Given a $(2 \times 2)$-matrix $A = \begin{pmatrix} a & b \\ c & d \end{pmatrix}$ with entries in $\mathbb Z$, let us define $$A^* : S^1 \times S^1 \to S^1 \times S^1, A^*(u,v) = (u^av^b,u^cv^d) .$$
Clearly the unit matrix $E$ gives $$ E^* = id \tag{1} .$$ Let us next show that for $B = \begin{pmatrix} e & f \\ g & h \end{pmatrix}$ one has $$(A \cdot B)^* = A^* \circ B^* \tag{2} .$$
We have $A \cdot B = \begin{pmatrix} a e + b g & a f + b h \\ c e + d g & c f + d h \end{pmatrix}$, thus $$(A \cdot B)^*(u,v) = (u^{a e + b g} v^{a f + b h}, u^{c e + d g }v^{c f + d h}) ,$$
$$A^*(B^*(u,v)) = A^*(u^ev^f,u^gv^h) = ((u^ev^f)^{a}(u^gv^h)^{b}, (u^ev^f)^{c}(u^gv^h)^{d}) \\= (u^{e a} v^{f a} u^{g b} v^{h b},u^{e c} v^{f c} u^{g d} v^{h d}) = (u^{e a + g b}v^{f a + h b},u^{e c + g d}v^{f c + h d}) .$$
This proves $(2)$.
Formulae $(1)$ and $(2)$ show that if $A$ is invertible and $A^{-1}$ has all entries in $\mathbb Z$, then $A^*$ is a homeomorphism.
$\det A = ad - bc \ne 0$ means that $A$ is invertible as a real metrix. But we even have $\det A = 1$ which implies that $A^{-1}$ has all entries in $\mathbb Z$.
Since $\psi = A^*$, we are finished.
Update:
That $A^{-1}$ has integer entries follows from
Lemma.

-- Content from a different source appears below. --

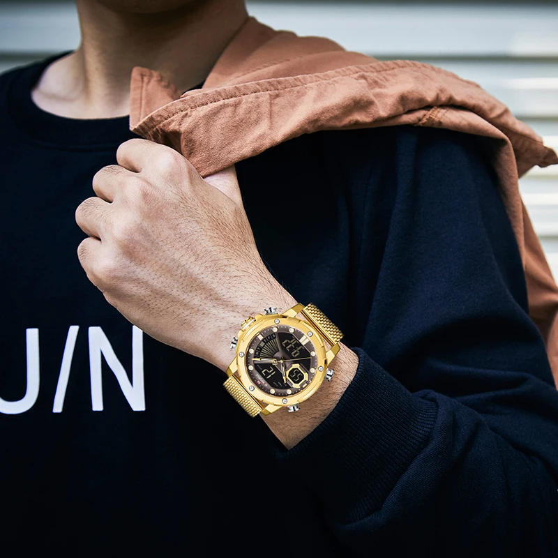 NAVIFORCE мужские спортивные часы, роскошные золотые кварцевые часы...

Let $A$ be an $(n \times n)$-matrix with entries in $\mathbb Z$. Then $A$ has an inverse $A^{-1}$ with entries in $\mathbb Z$ if and only if $\det A = \pm 1$.
Proof. 1. For all matrices $A, B$ with entries in $\mathbb R$ we have $\det A \cdot B = \det A \cdot \det B$. If both $A, B$ have entries in $\mathbb Z$, then also $\det A, \det B \in \mathbb Z$.
Assume that $A$ has entries in $\mathbb Z$ and has an inverse $A^{-1}$ with entries in $\mathbb Z$. Then $$1 = \det E = \det A \cdot A^{-1} = \det A \cdot \det A^{-1} \tag{3}.$$ Since both $\det A, \det A^{-1} \in \mathbb Z$, $(3)$ can only be satisfied when $\det A = \det A^{-1} = 1$ or $\det A = \det A^{-1} = -1$.
Assume that $A$ has entries in $\mathbb Z$ and has $\det A = \pm 1$. Then $A$ is invertible as a real matrix. It inverse is given by $$A^{-1} = \frac{1}{\det A} \left(-1)^{i+j} A_{ij}\right)^T \tag{4}$$ where the $A_{ij}$ are the minors of $A$ and $^T$ denotes transposition. The minors are the determinants of the $((n-1) \times (n-1))$-submatrices of $A$ obtained by deleting the $i$-th row and $j$-th column. If $A$ has entries in $\mathbb Z$ then all $A_{ij} \in \mathbb Z$ and therefore $A^{-1}$ has entries in $\mathbb Z$ since $\det A = \pm 1$.